### [Task brief]
The whole listing below should be retyped exactly, without any images.

::: The data :::

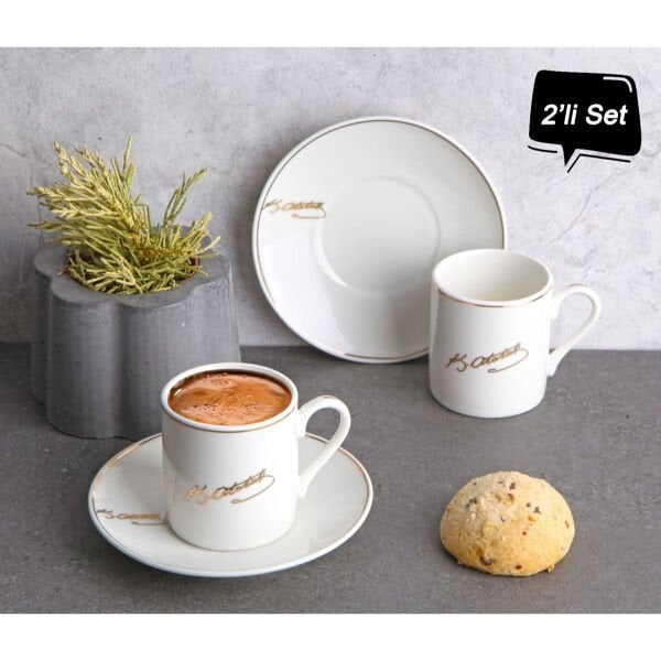 Paket İçeriği1 adet Atatürk İmza Tasarımlı Porselen 2'li Kahve Seti
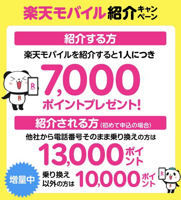 誰でも参加できる紹介キャンペーンでは、紹介者に7,000円相当、紹介された人には最大13,000円相当の楽天ポイントを付与。
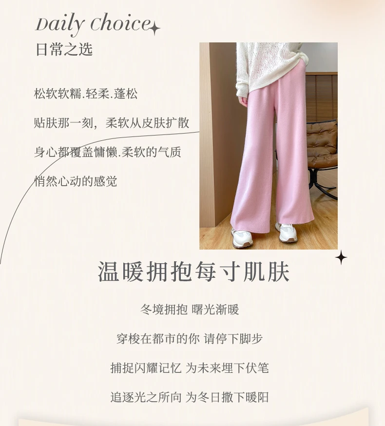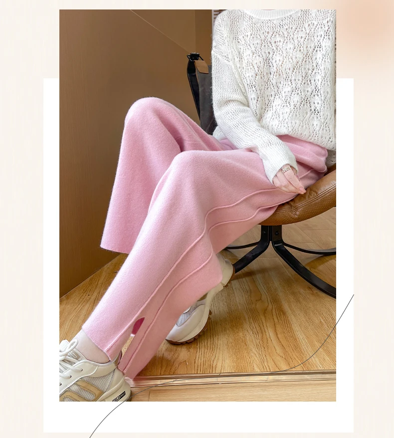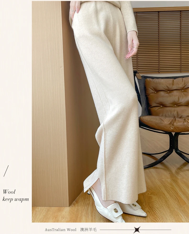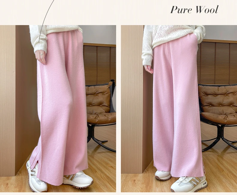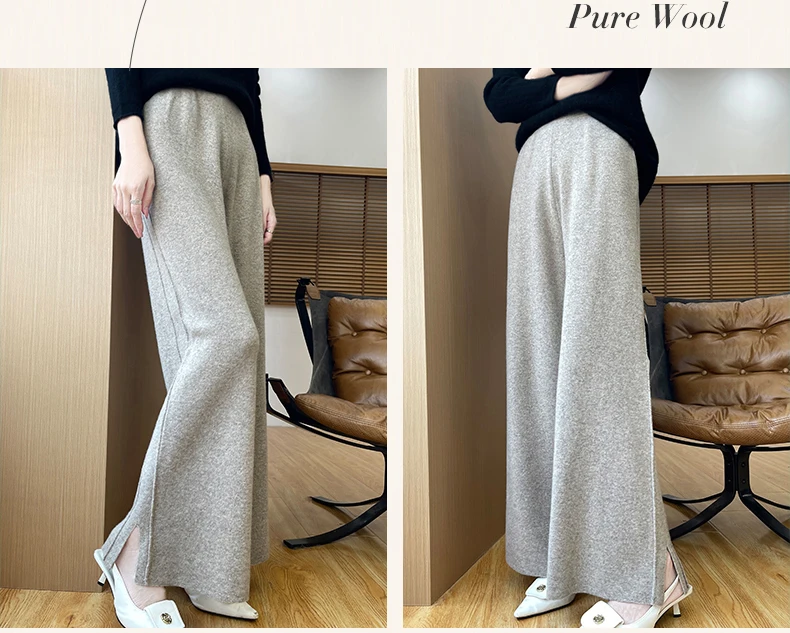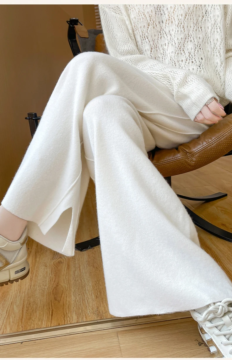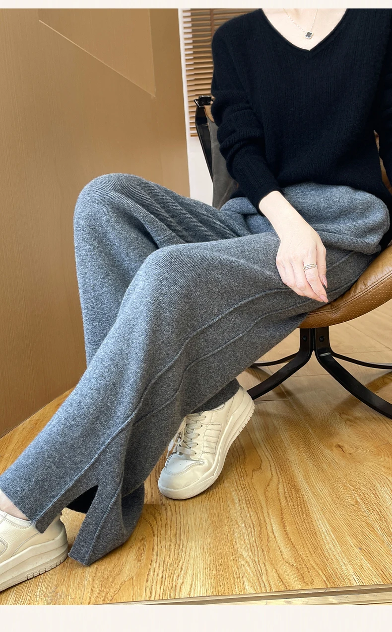 Women Straight Flared Pants 100% Merino Wool Knitted Thicken Loose Pants Autumn Winter Office Lady Elastic Waist Wool Trousers

:::

### [Written answer]
 Paket İçeriği1 adet Atatürk İmza Tasarımlı Porselen 2'li Kahve Seti
 誰でも参加できる紹介キャンペーンでは、紹介者に7,000円相当、紹介された人には最大13,000円相当の楽天ポイントを付与。
 Women Straight Flared Pants 100% Merino Wool Knitted Thicken Loose Pants Autumn Winter Office Lady Elastic Waist Wool Trousers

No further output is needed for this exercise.